**EXERCISE REQUIREMENTS**
Write out the records in full and without alteration, setting aside their pictures.

**INFORMATION SUPPLIED**

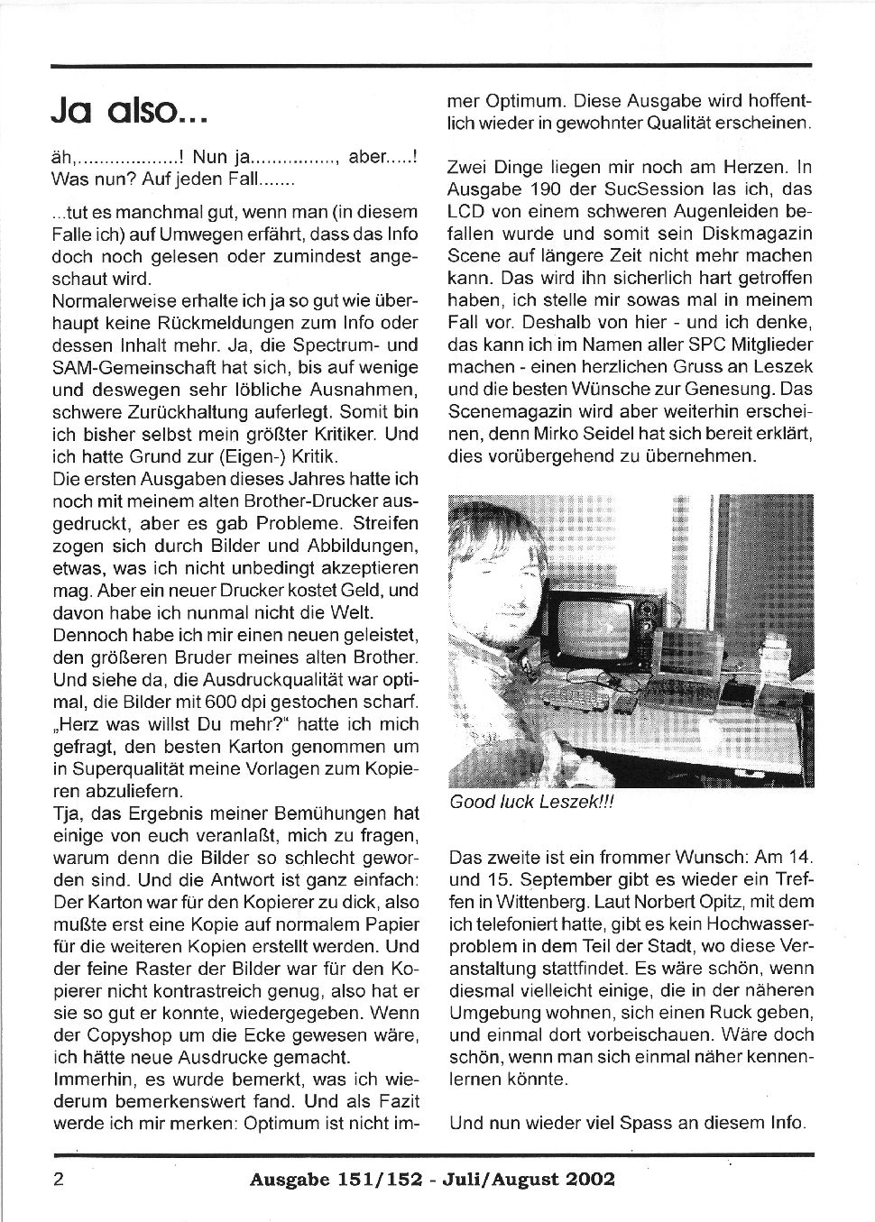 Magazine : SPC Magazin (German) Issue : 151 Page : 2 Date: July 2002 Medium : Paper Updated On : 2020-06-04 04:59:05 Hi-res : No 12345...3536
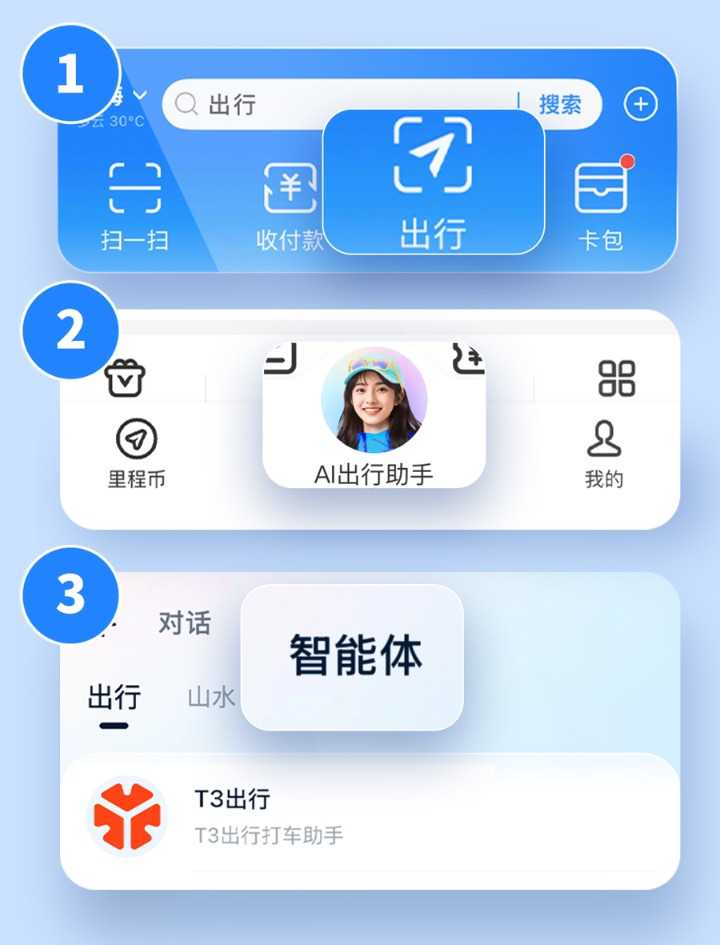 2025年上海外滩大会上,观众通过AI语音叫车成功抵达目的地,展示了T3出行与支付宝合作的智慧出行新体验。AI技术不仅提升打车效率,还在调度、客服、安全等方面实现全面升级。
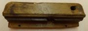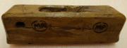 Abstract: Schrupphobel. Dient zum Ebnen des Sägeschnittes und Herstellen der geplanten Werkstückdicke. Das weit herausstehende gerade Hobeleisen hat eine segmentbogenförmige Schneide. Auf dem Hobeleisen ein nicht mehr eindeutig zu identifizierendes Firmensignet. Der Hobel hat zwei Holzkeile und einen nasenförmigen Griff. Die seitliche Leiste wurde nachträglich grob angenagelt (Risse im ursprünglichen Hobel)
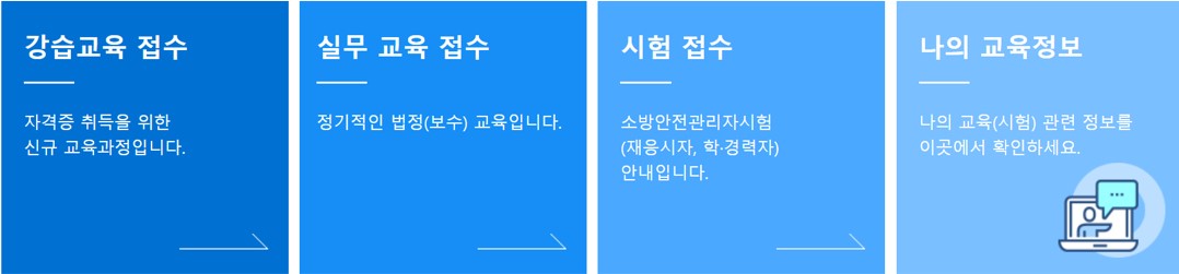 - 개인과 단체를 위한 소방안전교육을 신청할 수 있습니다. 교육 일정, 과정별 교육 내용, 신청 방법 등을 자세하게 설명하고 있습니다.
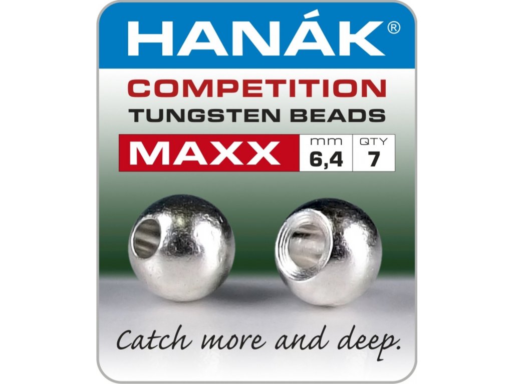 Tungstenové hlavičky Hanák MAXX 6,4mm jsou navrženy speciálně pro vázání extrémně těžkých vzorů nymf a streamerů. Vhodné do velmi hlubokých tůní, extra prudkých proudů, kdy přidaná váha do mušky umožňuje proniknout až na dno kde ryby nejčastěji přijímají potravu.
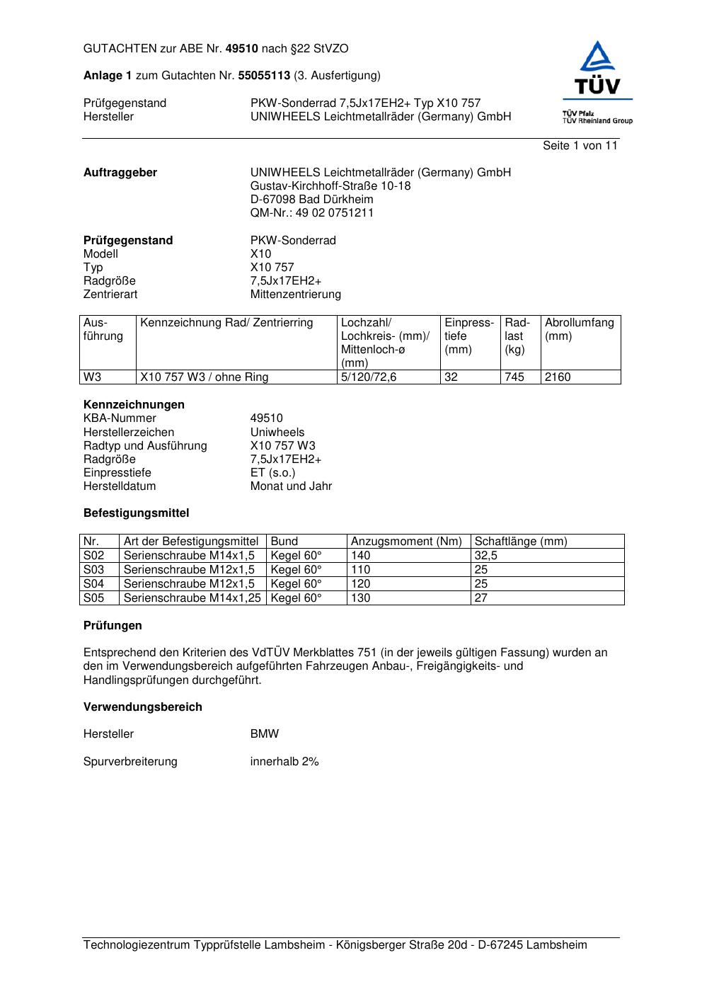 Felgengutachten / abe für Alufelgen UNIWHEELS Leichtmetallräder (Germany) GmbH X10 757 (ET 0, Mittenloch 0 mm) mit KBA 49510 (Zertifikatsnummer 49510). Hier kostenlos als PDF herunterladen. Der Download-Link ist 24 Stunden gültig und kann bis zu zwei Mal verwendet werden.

**TASK ANSWER**
 Magazine : SPC Magazin (German) Issue : 151 Page : 2 Date: July 2002 Medium : Paper Updated On : 2020-06-04 04:59:05 Hi-res : No 12345...3536
 2025年上海外滩大会上,观众通过AI语音叫车成功抵达目的地,展示了T3出行与支付宝合作的智慧出行新体验。AI技术不仅提升打车效率,还在调度、客服、安全等方面实现全面升级。
 Abstract: Schrupphobel. Dient zum Ebnen des Sägeschnittes und Herstellen der geplanten Werkstückdicke. Das weit herausstehende gerade Hobeleisen hat eine segmentbogenförmige Schneide. Auf dem Hobeleisen ein nicht mehr eindeutig zu identifizierendes Firmensignet. Der Hobel hat zwei Holzkeile und einen nasenförmigen Griff. Die seitliche Leiste wurde nachträglich grob angenagelt (Risse im ursprünglichen Hobel)
 - 개인과 단체를 위한 소방안전교육을 신청할 수 있습니다. 교육 일정, 과정별 교육 내용, 신청 방법 등을 자세하게 설명하고 있습니다.
 Tungstenové hlavičky Hanák MAXX 6,4mm jsou navrženy speciálně pro vázání extrémně těžkých vzorů nymf a streamerů. Vhodné do velmi hlubokých tůní, extra prudkých proudů, kdy přidaná váha do mušky umožňuje proniknout až na dno kde ryby nejčastěji přijímají potravu.
 Felgengutachten / abe für Alufelgen UNIWHEELS Leichtmetallräder (Germany) GmbH X10 757 (ET 0, Mittenloch 0 mm) mit KBA 49510 (Zertifikatsnummer 49510). Hier kostenlos als PDF herunterladen. Der Download-Link ist 24 Stunden gültig und kann bis zu zwei Mal verwendet werden.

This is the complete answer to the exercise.